The Ending Equity Value shows how much of the preferred return is still owed to the investor after accounting for cash distributions so far. The negative values from Year 3 indicate that the cash distributions are now surpassing the preferred returns, reducing the outstanding equity value (but importantly, not the investors ownership in the project). 

Once all outstanding equity to investors has been repaid, preferred return no longer accumulates and returns are then shared with the Sponsor as per the waterfall split (for example 70% to the investors, 30% to the Sponsor).

True Preferred Returns vs Pari-Passu

Beware, in the world of private real estate syndications, not all preferred returns are created equal.

True Preferred Returns

A True Preferred Return means that the investor gets priority when it comes to profit distributions. The investors receive their preferred return before the sponsor receives any profits.

Example: Imagine an investment that has an 8% true preferred return. If the investment generates $10,000 in profits, investors would first receive $800 (8% of their investment), and only then would the sponsor receive any share of the remaining profits.

Pari-Passu Preferred Returns

On the other hand, Pari-Passu Preferred Returns mean that investors and sponsors are on an equal footing regarding the preferred return, up until a certain threshold when the sponsor receives a promote.

Example: Using the same scenario with an 8% preferred return and $10,000 in profits, but this time with a pari-passu preferred return, both the investor and the sponsor would each receive $800 simultaneously up to 8%, with additional profit being part of the promote split.

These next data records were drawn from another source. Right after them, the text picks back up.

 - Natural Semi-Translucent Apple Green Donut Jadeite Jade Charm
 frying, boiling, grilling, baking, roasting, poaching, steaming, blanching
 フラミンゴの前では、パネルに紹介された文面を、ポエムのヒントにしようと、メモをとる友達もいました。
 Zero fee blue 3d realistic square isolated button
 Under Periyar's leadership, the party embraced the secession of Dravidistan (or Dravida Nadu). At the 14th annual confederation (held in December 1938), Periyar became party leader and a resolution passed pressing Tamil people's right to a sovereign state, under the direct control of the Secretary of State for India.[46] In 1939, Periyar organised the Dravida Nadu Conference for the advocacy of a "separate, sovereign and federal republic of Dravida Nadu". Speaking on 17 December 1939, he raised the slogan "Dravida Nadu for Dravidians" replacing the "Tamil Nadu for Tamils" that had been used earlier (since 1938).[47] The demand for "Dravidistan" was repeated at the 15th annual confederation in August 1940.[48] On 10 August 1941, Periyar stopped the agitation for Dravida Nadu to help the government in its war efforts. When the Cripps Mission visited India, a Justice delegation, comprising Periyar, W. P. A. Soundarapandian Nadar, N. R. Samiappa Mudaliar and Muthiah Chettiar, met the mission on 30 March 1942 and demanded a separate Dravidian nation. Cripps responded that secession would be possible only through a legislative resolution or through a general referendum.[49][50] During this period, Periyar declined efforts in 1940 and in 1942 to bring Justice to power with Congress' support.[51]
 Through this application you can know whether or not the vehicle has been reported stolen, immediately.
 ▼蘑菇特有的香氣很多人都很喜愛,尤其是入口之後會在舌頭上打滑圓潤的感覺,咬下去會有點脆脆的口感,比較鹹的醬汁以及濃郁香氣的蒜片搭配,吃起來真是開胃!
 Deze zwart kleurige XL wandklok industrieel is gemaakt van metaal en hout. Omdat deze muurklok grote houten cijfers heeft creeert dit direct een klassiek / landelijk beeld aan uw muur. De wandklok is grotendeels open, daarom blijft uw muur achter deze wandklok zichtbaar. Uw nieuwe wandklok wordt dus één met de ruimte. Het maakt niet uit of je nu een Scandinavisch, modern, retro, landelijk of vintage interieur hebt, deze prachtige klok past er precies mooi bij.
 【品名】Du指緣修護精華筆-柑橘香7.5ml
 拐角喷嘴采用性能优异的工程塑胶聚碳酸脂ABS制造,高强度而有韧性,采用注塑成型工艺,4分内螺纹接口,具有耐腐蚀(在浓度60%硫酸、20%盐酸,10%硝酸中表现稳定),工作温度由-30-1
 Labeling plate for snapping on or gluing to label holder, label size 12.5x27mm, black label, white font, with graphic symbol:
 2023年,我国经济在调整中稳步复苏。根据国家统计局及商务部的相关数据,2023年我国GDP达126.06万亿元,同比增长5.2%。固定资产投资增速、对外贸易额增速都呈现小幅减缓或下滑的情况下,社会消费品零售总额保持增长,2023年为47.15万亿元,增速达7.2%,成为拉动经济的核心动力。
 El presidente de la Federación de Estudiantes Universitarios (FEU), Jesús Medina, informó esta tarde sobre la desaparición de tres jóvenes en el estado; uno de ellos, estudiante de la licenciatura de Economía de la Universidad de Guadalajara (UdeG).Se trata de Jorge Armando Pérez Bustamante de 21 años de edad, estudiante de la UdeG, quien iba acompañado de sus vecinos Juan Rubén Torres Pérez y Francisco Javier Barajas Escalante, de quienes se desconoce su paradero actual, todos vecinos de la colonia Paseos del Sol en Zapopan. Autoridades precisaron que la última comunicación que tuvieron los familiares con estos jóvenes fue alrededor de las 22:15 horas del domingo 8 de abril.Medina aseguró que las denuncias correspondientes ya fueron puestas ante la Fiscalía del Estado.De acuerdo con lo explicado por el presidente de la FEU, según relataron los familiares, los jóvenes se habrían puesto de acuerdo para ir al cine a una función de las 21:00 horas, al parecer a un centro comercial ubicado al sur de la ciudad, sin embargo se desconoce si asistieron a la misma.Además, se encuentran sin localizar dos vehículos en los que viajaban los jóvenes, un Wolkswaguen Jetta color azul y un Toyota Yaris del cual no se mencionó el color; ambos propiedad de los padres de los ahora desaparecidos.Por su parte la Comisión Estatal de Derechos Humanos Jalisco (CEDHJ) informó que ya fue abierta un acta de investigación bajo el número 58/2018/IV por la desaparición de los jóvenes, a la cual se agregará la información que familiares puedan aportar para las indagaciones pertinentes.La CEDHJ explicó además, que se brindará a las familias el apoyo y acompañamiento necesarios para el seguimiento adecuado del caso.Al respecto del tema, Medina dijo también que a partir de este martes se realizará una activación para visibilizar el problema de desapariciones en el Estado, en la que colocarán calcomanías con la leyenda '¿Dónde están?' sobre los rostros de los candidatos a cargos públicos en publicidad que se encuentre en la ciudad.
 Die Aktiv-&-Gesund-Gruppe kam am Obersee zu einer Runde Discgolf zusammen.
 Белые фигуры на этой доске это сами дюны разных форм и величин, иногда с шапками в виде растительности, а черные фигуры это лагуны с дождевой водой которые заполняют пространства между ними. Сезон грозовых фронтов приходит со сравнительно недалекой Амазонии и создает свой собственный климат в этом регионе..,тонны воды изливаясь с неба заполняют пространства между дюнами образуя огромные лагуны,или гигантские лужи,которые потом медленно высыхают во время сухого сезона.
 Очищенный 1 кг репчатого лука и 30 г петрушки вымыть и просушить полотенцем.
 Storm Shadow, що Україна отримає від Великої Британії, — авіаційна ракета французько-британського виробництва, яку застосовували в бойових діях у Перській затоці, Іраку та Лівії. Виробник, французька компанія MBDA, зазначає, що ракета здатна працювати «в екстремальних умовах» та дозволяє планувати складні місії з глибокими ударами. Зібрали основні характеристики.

Why Sponsors choose different types?

The choice by the investment sponsor between true preferred and pari-passu preferred returns can depend on various factors.

Risk Profile

In riskier investments, investors might demand a true preferred return as a form of protection while in lower-risk investments, investors might be more willing to accept pari-passu returns.

Sponsor’s Track Record

Experienced sponsors with a solid track record might be able to negotiate pari-passu returns, as investors have more confidence in their ability to generate profits.

Negotiating Power

Large investors or those who are contributing a significant portion of the capital might be able to negotiate for true preferred returns.
Investment icon - Preferred return - Yura Capital
Investors should focus on two things

1. Ensure Incentives Aligned: Understanding these distinctions and the reasons behind a sponsors choice is essential in evaluating the terms of an investment. You want to make sure the incentives are aligned with your investment goals and risk tolerance.

2. Recognize Potential Red Flags: If a real estate syndication does not include a preferred return, it is important for investors to ask why? The absence of a preferred return may indicate a higher risk or a lack of alignment, which should prompt further investigation.